My LEA would prefer I put big girl on anxiety medication (the real cost of which would no doubt be life long and provided by a different department) and sent her to school, rather than provide a few hours a week in tuition! They would rather that middle girl withdrew back in to herself and spent every day scared and confused in school (with therapy paid for by someone else for her foreseeable future), than provide her with a few hours tuition! They would rather my baby girl gave in to the chaos within her, detached from the world and survived in school (with services funded by all manner of departments throughout her life to keep her on the straight and narrow), than support her in an environment that she feels safe. My LEA don’t care if my children are achieving, feeling safe, happy and content (they weren’t in school) or having a mental breakdown, being medicated, or even if our family breaks down, because the cost of all that comes down to a different department!

It shouldn’t be this hard. ALL of my girls deserve an education and the opportunities that will provide them with, but they all also deserve a mommy that isn’t completely exhausted from providing it.






12 comments on “What price should we pay for an education?!

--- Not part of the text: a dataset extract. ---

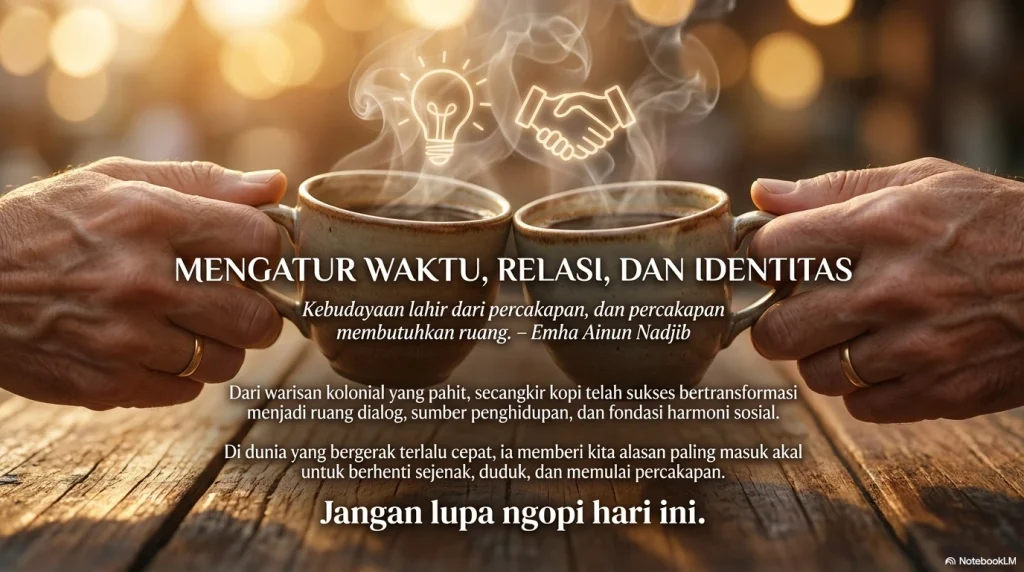 Tapi di luar semua angka statistik dan proyeksi bisnis sebagaimana diuraikan diatas, ada sesuatu yang lebih fundamental tentang hubungan orang Indonesia dengan kopi. Budayawan Emha Ainun Nadjib (Cak Nun) sering menggambarkan bahwa kebudayaan lahir dari percakapan, dan percakapan membutuhkan ruang. Di Indonesia, ruang itu sering kali bernama warung kopi. Kopi telah menjadi bagian dari identitas kita sebagai bangsa. Dari warisan kolonial yang pahit, ia bertransformasi menjadi ruang dialog, sumber penghidupan, dan simbol kebersamaan. Di meja-meja warkop dan kafe, lahir ide-ide bisnis, gerakan sosial, karya seni, hingga keputusan-keputusan penting dalam hidup seseorang.

  • What a difficult situation you’re in, there really is no excuse for the LEA or whoever not to find money to help when it was not your choice to home educate in the first place. I dare say there is plenty of money wasted on unnecessary things that could instead benefit families like yours. Hopefully things will change and you will get a break of luck soon.

  • Very much agree with you – we have been able to put ours in the private system to secure small class size and a nurturing environment- we can’t qualify for pupil premium either – I often wonder if LA simply think “issues” disappear because you are not following the “standard” route.

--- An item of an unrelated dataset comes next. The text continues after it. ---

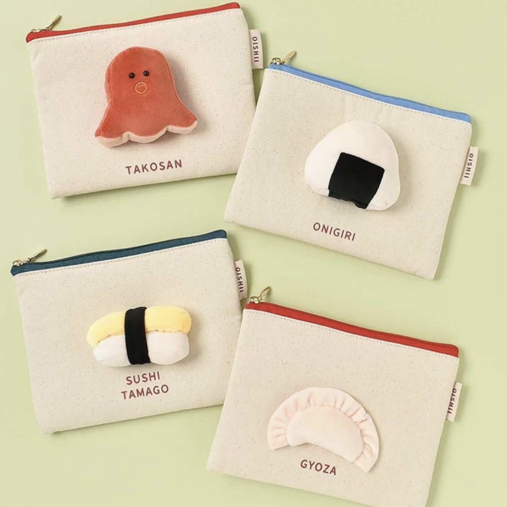おいしいものをモチーフにしたインパクト抜群のフラットポーチ。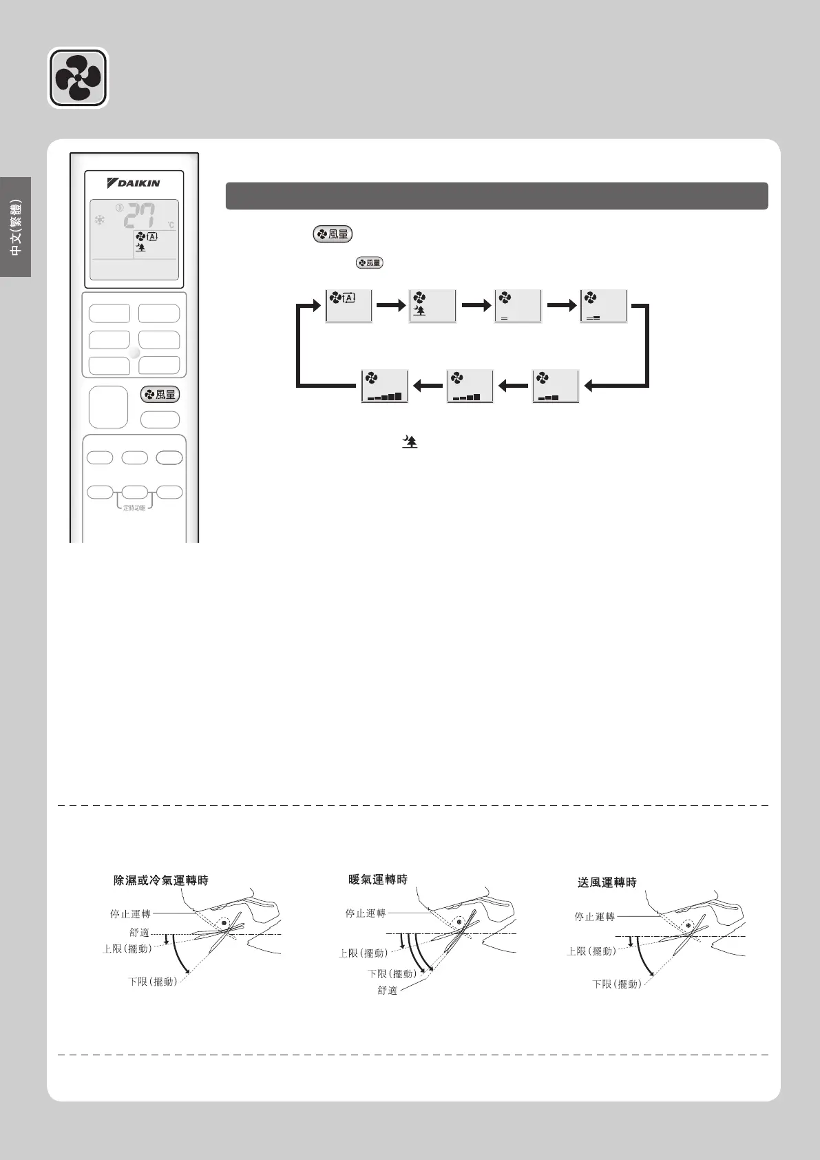每按一下 可依下列順序改變風量。

  • I think not being able to give your kids the things you know they need–and not even being able to get others to acknowledge what they need–is terribly difficult to cope with. It’s like being a very poor parent who can’t feed her kids. You can’t take care of their minds and hearts, because you just don’t have the resources yourself and the state refuses to give them to you. It’s so very, very upsetting.

  • 1) It’s probably worth getting someone medical to back you up formally. It shouldn’t be too hard to find a doctor or psychologist who thinks meeting a child’s emotional needs is generally a better option than medication. Similarly, if there are other professionals who might write helpful reports, get started now (or be stuck on waiting lists when evidence deadlines come up).

    2) The Tribunal process is time-consuming, and can be emotionally draining. It’s useful to get some expert input. SOS-SEN, National Autistic Society and IPSEA all have advice helplines. In some areas, there’s a local law centre charity who can assist too.

    3) The local authority may produce much data and many experts supporting their view. This view is often that the child is doing quite well enough, and the parent is probably odd/deranged/neglectful/over-involved. Or just too pushy to accept they simply have a low-achieving or disabled child.

    4) The last thing any LA wants to do pre-Tribubal is fund a competent tutor who will carefully document your child’s poor baseline and accelerated progress once her needs are met. It’s like asking a turkey to design a Christmas menu.

    5) What you offer your children is probably going to be far, far better than any provision available via the school system. A decent EHCP helps, but may still not match your own efforts.